# Anemia in banded mice? *New update, Megacolon?*



## Frizzle (Oct 6, 2011)

I'd heard it referenced on this site and elsewhere that anemia is/can be prevalent in Banded mice. Has anyone had any experience with this? I only have one female, but this variety interests me, and I might focus on it. I did find an article that talked about it, very briefly. Does anyone have any other signs/symptoms so I can be aware of if it crops up?

http://ko.cwru.edu/docs/rodentcondition.pdf

"Anemia: Anemia can be difficult to
assess in pigmented mice, but observing
the color of the foot pads is a quick, easy
way to estimate anemia.
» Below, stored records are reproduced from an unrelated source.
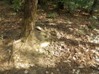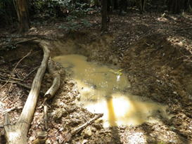 イノシシのヌタ場 14時42分 水たまりが2か所あった。そこはイノシシのお風呂だった。体に着いたダニやシラミを泥水の中で転がりながらこすりとる場所である。 ダニがいるかも? |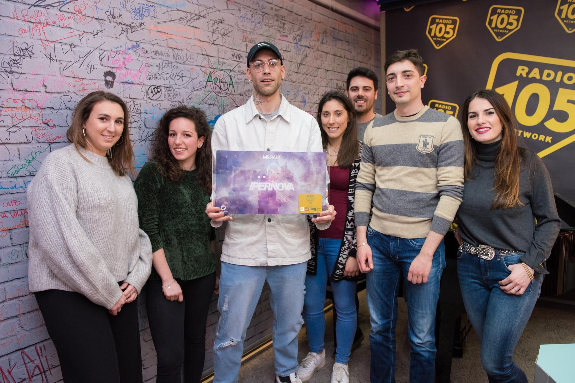 Mr. Rain ha ricevuto il Disco d’oro per “Ipernova”, il primo singolo estratto dal nuovo album del rapper e cantautore, “Butterfly Effect“, dopo aver raggiunto i 10 milioni di streaming su Spotify (#13 nella Top 50-Italia) e aver superato i 15 milioni di views su YouTube. Il rapper e cantautore è stato premiato da Max Brigante durante la puntata di 105 Stars di domenica 25 marzo. Ad assistere alla consegna c’erano anche alcuni suoi fortunati fan. Questa certificazione si aggiunge ai due Dischi di platino già ottenuti negli anni passati grazie ai singoli “Carillon” e “I grandi non piangono mai“.
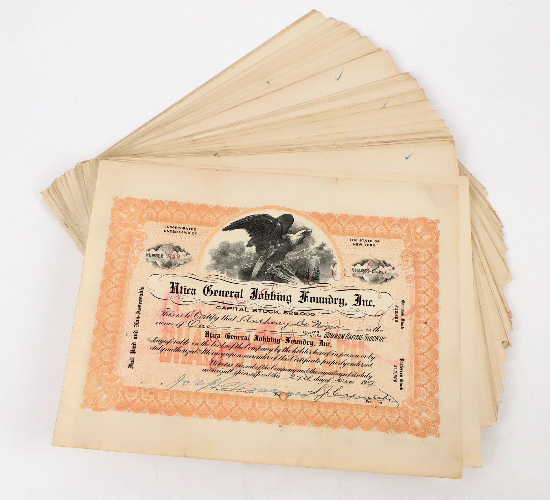 50+. I/U, I/C. Issued 1919-20. VG or better . Utica General Jobbing Foundry, Inc., lots of revenue stamps. Browne-Green Co. printer.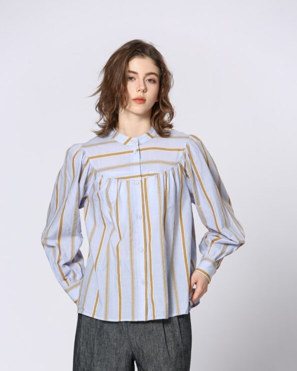 Blusa de rayas verticales con cuello redondo y frunce en a zona del pecho.

You will be able to
detect an anemic mouse because of the
pallor or paleness of its footpads."


----------



## Cait (Oct 3, 2008)

I used to breed banded mice and had no problem with anaemia. Mine were the dominant banded gene, and even the charlies were fine health-wise.


----------



## SarahY (Nov 6, 2008)

I have only ever heard of it being relevent to variegated breeding?


----------



## Frizzle (Oct 6, 2011)

One of the ones was right here on their description page, but if no-ones ever had problems with it, I will take that. : )

viewtopic.php?f=27&t=48&hilit=banded+anemic


----------



## SarahY (Nov 6, 2008)

Right, I thought that information was wrong, so I did some quick research. Apparently a particular banded gene (Wbd) can be _slightly_ anaemic, but this is an uncommon gene, and homozygous Wbd produces a capped mouse (pigment only on the head). The common dominant banded is called sashed (Wsh), this does not produce anaemic mice and the homozygous Wsh are called 'charlies', which have pigment on the head and tail base. The recessive banded (belted 'bt') does not produce anaemic mice. So you're probably OK


----------



## Frizzle (Oct 6, 2011)

Okay. The one I have is from a pet store, so more likely then not is the Wsh, therefore meaning I don't have to worry about the anemia. Where did you find the info, btw? I tried all over here and google. : /


----------



## SarahY (Nov 6, 2008)

I found it on Finnmouse.


----------



## Laigaie (Mar 7, 2011)

Wait, you found banded at a pet store? What luck!


----------



## Frizzle (Oct 6, 2011)

@SarahY: Well thanks for the info, I swear I read all over the place, including that site. Maybe I just needed it reworded for me. Thank you!

@Laigaie: Yeah, I'd told myself if I saw anything besides white, I was gonna start messing with mice. It was from the local petco. They get their rodent shipment every other Thursday, so I swing down now every other Friday now to snatch up any nice does. I'd really like some variegated, but I've only seen piebalds. Double Stuff is pretty poor type, and this would be a fun variety to try my hand at tweaking out. I like all the high contrasting types, and that she looks like an oreo makes me want to breed more. : )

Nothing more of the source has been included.